An inequality including L1 and L2 norms

Question

When I'm studying a proof an expression confused me. It is stated in the article that $$ \frac{1}{\left\Vert \mathbf{y}\right\Vert _{1}}\left|\left(\mathbf{x}_{i}^{\top}-\mathbf{x}_{j}^{\top}\right)\hat{\mathbf{r}}\right|\le\frac{1}{\left\Vert \mathbf{y}\right\Vert _{2}}\left\Vert \mathbf{x}_{i}^{\top}-\mathbf{x}_{j}^{\top}\right\Vert _{2}\left\Vert \hat{\mathbf{r}}\right\Vert _{2}. $$ This expression would be correct by Cauchy Schwarz inequality if both sides included $\left\Vert \mathbf{y}\right\Vert _{2}$ term instead of $\left\Vert \mathbf{y}\right\Vert _{1}$ term.
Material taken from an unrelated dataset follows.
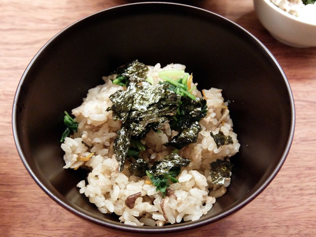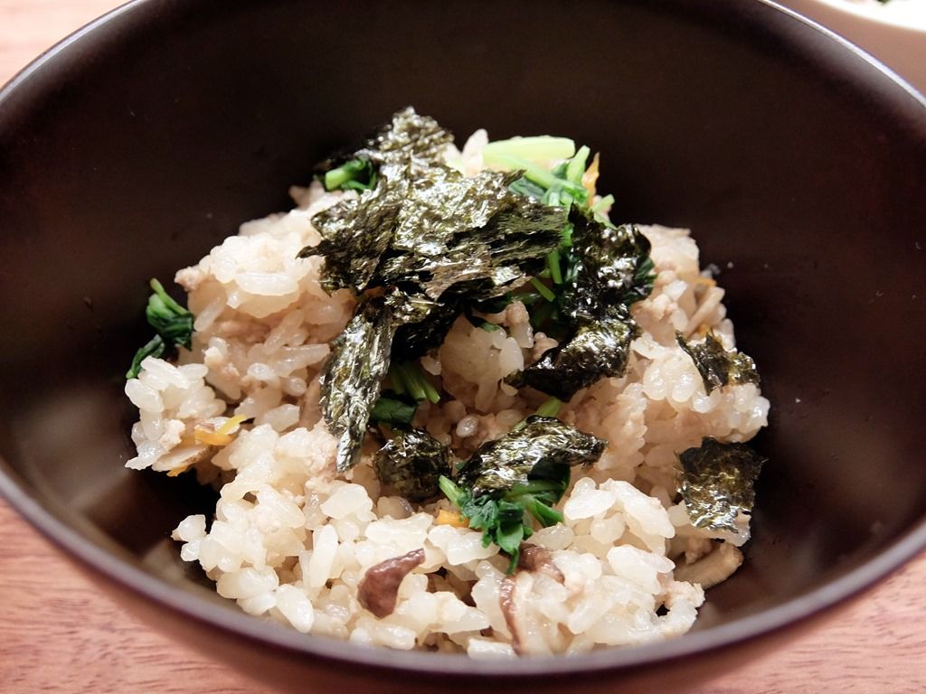 シンプルな炊き込みご飯で、具は、しいたけ、にんじん、鶏そぼろ、三つ葉、きざみ海苔、他。醤油味ベースで、ほのかに鴨の風味が薫ります。料亭の味、和食の技が活きた炊き込みご飯で、必食の旨さ!

Is it still correct if there is $\left\Vert \mathbf{y}\right\Vert _{1}$ on the left and $\left\Vert \mathbf{y}\right\Vert _{2}$ on the right?

Answer 1

yes, as you can prove $$ \left\lVert \bf y \right\rVert _{2}^{2} \leq \left\lVert \bf y \right\rVert _{1}^{2} . $$ I assume that you are in $\mathbb{R}^{n}$ then let $\textbf{y} = \left( y_{1} , \ldots , y_{n} \right)$, we have \begin{align*} \left\lVert \bf y \right\rVert _{2}^{2} & = \sum\limits_{i=1}^{n} \left\lvert y_{i} \right\rvert ^{2} , \\ \left\lVert \bf y \right\rVert _{1}^{2} & = \left( \sum\limits_{i=1}^{n} \left\lvert y_{i} \right\rvert \right) ^{2} = \sum\limits_{i=1}^{n} \left\lvert y_{i} \right\rvert ^{2} + 2 \sum\limits_{i < j} \left\lvert y_{i} \right\rvert \left\lvert y_{j} \right\rvert \geq \sum\limits_{i=1}^{n} \left\lvert y_{i} \right\rvert ^{2} . \\ \end{align*}